Ok, I give it a try.  
 
 
We integrate the forces and velocities to find a new position 
p using some unstabilized method of choice. Given the new 
p we now want to find a correction 
dp such that 
C(p + dp) = 0. We can approximate this as shown above by 
C(p + dp) ~= C(p) + J * dp = 0
We also want to restrict the correction to be orthogonal to the constraint manifold and scale the corrections relative to the masses such that
dp = M^-1 * J^T * lambda
Combining the two equations yields
J * M^-1 * J^T * lambda = -C(p)
dp = M^-1 * J^T * lambda
This is a single Newton-Raphson step for an iterative solution to a non-linear system of constraints. So we essentially get 
for ( n Newton iterations )
{
    J * M^-1 * J^T * lambda = -C(p)
    dp = M^-1 * J^T * lambda
    p += dp
}
This builds the outer iterative loop. We could now also solve the inner linear system 
J * M^-1 * J^T lambda = -C(p) using an iterative Gauss-Seidel solver. This is what I referred to as the inner loop earlier. NGS simply merges the two loops solving a single constraint at a time constantly updating the mass, Jacobians and constraint error to account for the non-linearity of the problem. The key observation is simply that both the inertia and Jacobian are functions of the position and need to be updated when iterating on the position level.

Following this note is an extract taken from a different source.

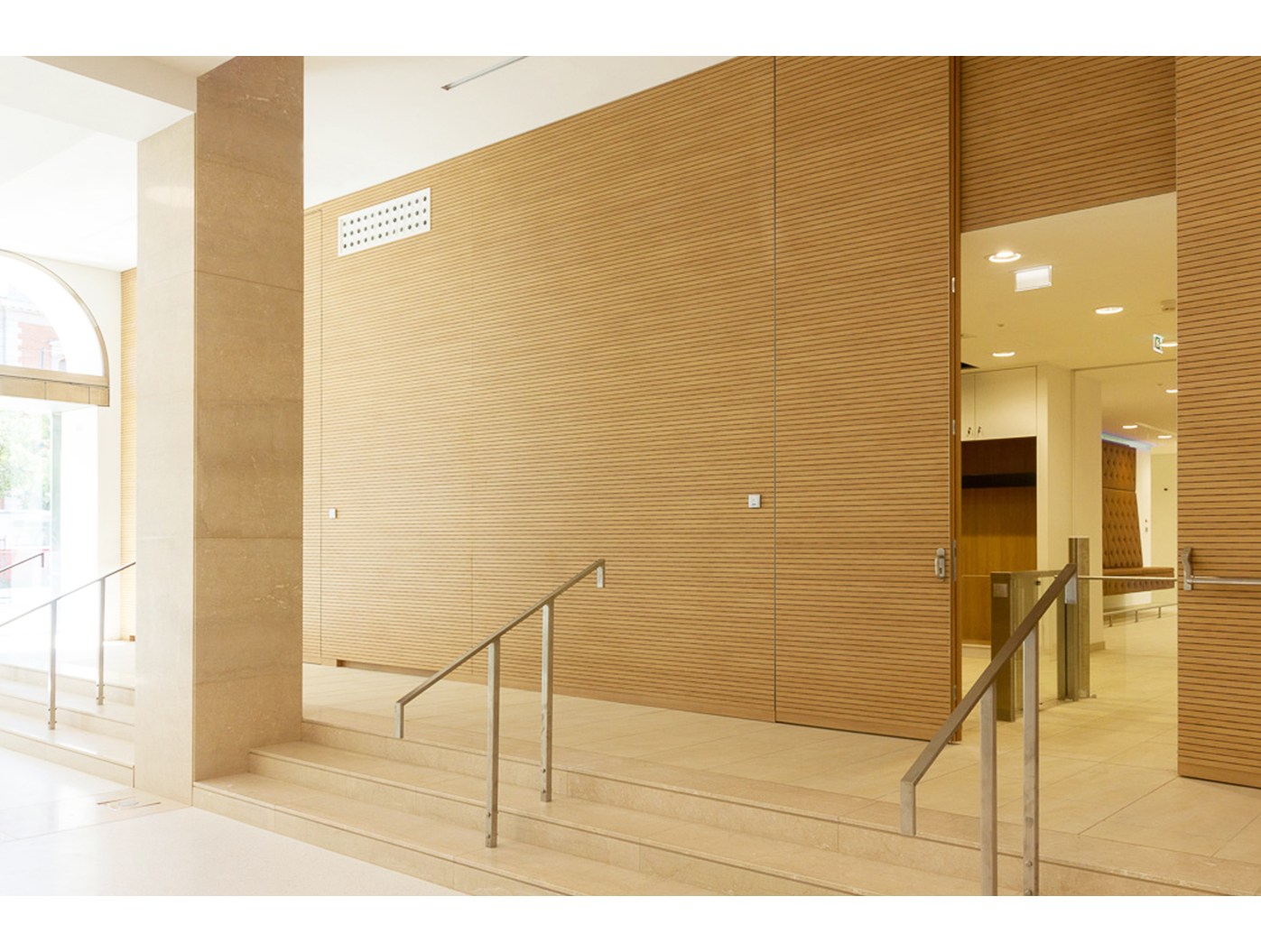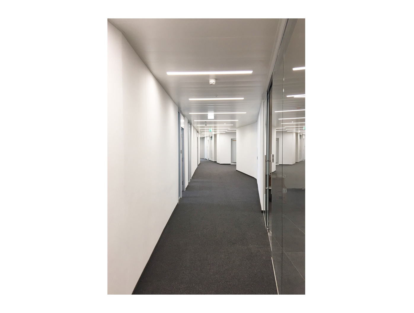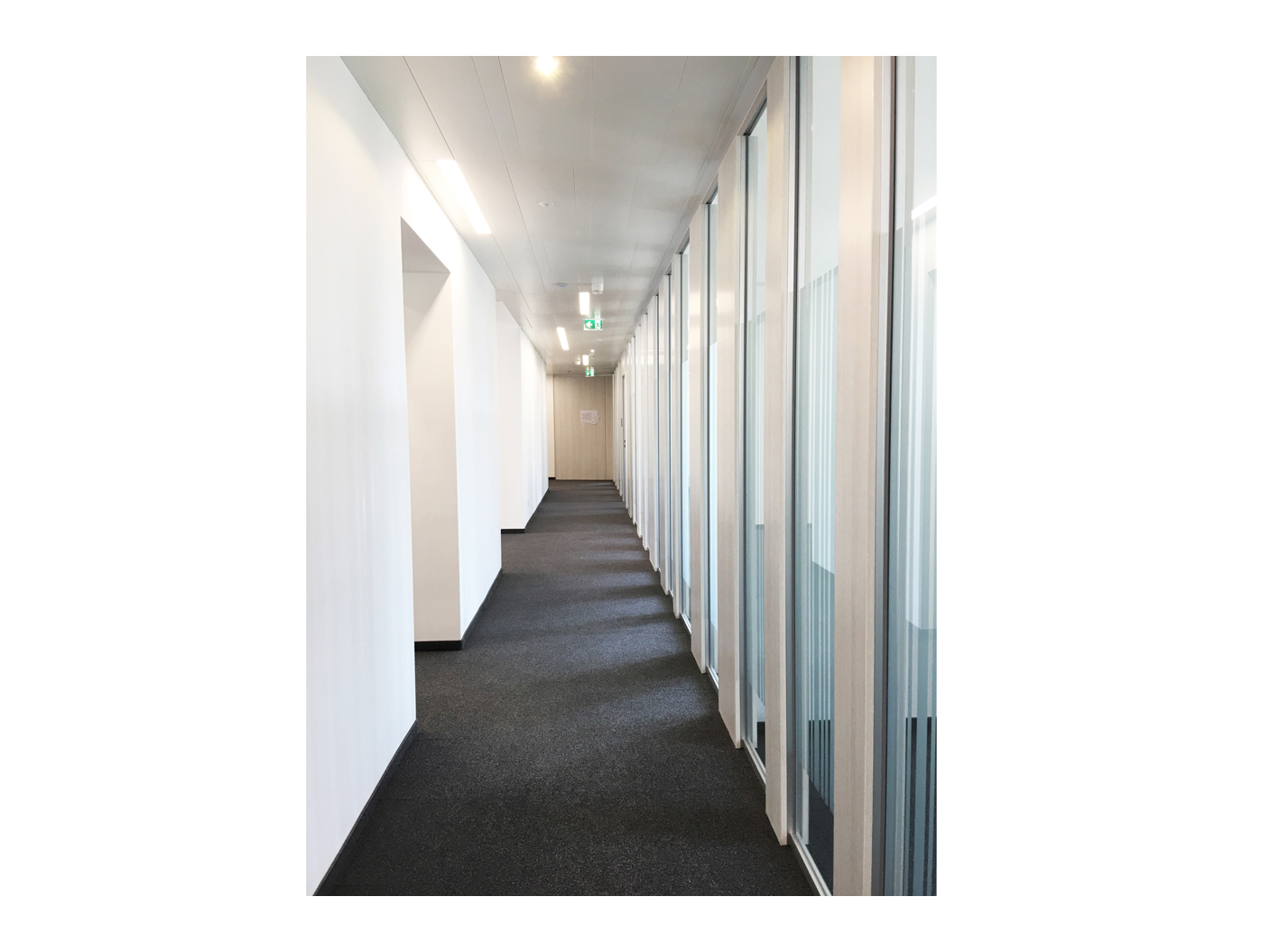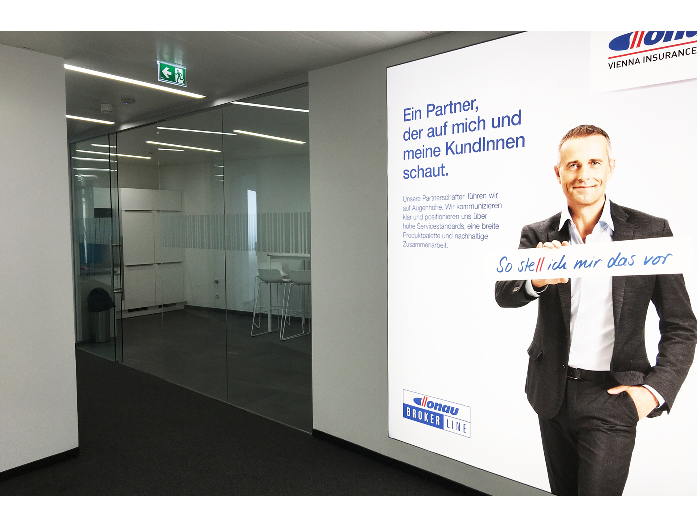 Das Projekt verleiht dem histor- ischen Gebäude der Donau-Versich- erung eine zeitgemässe architekt- onische Identität, die Tradition und Innovation in Dialog setzt. Herz- stück der Transformation ist die neue Kantine im Erdgeschoss, die durch raumhohe Oberlichtgauben mit natürlichem Licht geflutet wird. Bewegliche Raumteiler ermög- lichen flexible Nutzungsszenarien, während das neu gestaltete, zwei- geschossige Foyer als repräsen- tative Eingangssituation den Ansprüchen einer Konzernzentrale gerecht wird. Die Materialität überzeugt durch ihre klare Eleganz, helle Oberflächen, transparente Glaswände und dezente Metall- applikationen schaffen eine ruhige, professionelle Atmosphäre.

Of course you can make the argument now that for small errors you can keep 
M and 
J constant and only iterate on the constraint error. You might even want to reuse the Jacobian and mass from the velocity phase. This is essentially what split impulse does. My experience is identical to Erin's in Box2d that this works relatively good for contacts, but not so much for joints.
I am not a mathematician and I have more of a practical engineering view on the problem, but hopefully this still makes sense!
Cheers,
-Dirk